First, you need to plan your bed size. I measured what we’d been using, and decided that 20″ square would be great. I created a patchwork design around a central feature panel, cut to 10 1/2″, keeping the piecing and seams to a minimum as those would always be weak points.
I cut 3 inch strips from my fabric and stitched them together into long strips, getting 3 5 1/2″ blocks from each, for my 8 side blocks, as well as 4 green 5 1/2″ blocks for the corners. Stitch the side blocks into 4 pairs of 2 strip sets.
Stitch strip sets on the top and bottom of your feature panel, and stitch the corner squares at each end of the side strips. Then attach the sides to the centre panel and press well. I actually pressed all my seams to the sides on this block, to increase the durability of the seams.
Layer the finished block onto 2 layers of polyester batting. I choose to spray baste all my layers together, as it was just too thick to easily secure with pins. I also chose not to use a backing piece on this panel, due to the added bulk in the finished side seams. My machine handled the polyester on the feed dogs very well using my walking foot, however that would be a personal call. I did have to reduce my foot pressure on my Janome to level 1 (out of three) and also loosened off the tension to a 7. You will need to check the settings on your individual machine.
For this first panel, I chose to outline the centre block, and then stitch the sides of each corner block. I didn’t want to quilt it heavily to maximise the softness and loft in the panel.
For the second panel, I again outlined the centre square, however I then drew a line 2 1/2″ out from that and stitched another square around the whole panel. This should help secure the seams that were stitched across. Instead of ditch stitching the square, I stitched just to the side of the seam, over whichever side had the seams pressed underneath it – more security from washing and little claws. To help secure this panel for sandwiching, I did stitch all around the outside of it also, before trimming it off.
Trim your panel square, then layer it upon your backing fabric. I used decorator weight cotton for the backing that I have had in the cupboard for several years – another win for using up the stash! I did have to piece it to make a wide enough backing, however I kept the seam very wide, and pressed it to the side.
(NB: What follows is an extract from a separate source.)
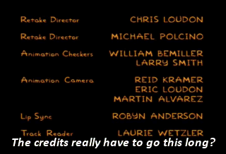 The credits really have to go this long? Oh, shush yourself. English - US - Line 21

Trim this piece down to just past the outside of your front panel, then turn the front panel upside down, so you have both right sides together.
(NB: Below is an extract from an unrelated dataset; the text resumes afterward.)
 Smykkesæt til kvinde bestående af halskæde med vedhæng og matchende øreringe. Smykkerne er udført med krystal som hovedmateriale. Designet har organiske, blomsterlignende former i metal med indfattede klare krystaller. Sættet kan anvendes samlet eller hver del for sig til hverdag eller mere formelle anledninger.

You won’t be able to pin through all these layers, so I used binding clips to secure all the edges, except for an opening approximately 1/3 the width of the panel on one side, reserved for turning. Make especially sure on the corners that all your layers are flat and secure, with nothing folded or caught up. Also pay special attention to the place where you joined the backing, do not leave this seam on the opening side if at all possible.
Using my walking foot, I stitched a generous 3/8″ seam all the way around, backstitching at each corner and at the start and finish to help strengthen those stress points. Take your time and your machine should handle the layers. Every so often you may wish to stop with your needle down and lift the foot, just to smooth out the batting. After you’ve finished, trim down each corner. If you take two snips at a shallower angle, you will reduce a lot of bulk in this area.
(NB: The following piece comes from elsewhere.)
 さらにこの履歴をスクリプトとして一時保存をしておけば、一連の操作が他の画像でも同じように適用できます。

Turn through the gap you left, carefully pushing out the corners as far as possible. Press the backing fold to match the inside seam, then slowly fold in the patchwork layer to match, adding clips to hold it down as you go. Press all your other sides flat, rolling the seam out between your fingers to match top and bottom.
Stitch around your bed again, this time fairly close to the edge – approximately 1/8″ on my machine. This will catch down the opening, and secure all the seams that you have just created. Go very slowly with your walking foot, especially as you cross each patchwork panel. Lift your foot (with the needle down) as often as necessary to clear any puckers that might be gathering. Take the corners a couple of stitches at a time, turning it often, to give them a curve rather than a 90degree shift.
Stand back and admire your finished creations!! This whole process only took me a couple of days, with life happening to keep interrupting me, and I got to use up a good part of my stash as well! Give them a wash, to make sure any glue, dye or nasties are out of them. I’d recommend laying flat to dry, and then they are good to go!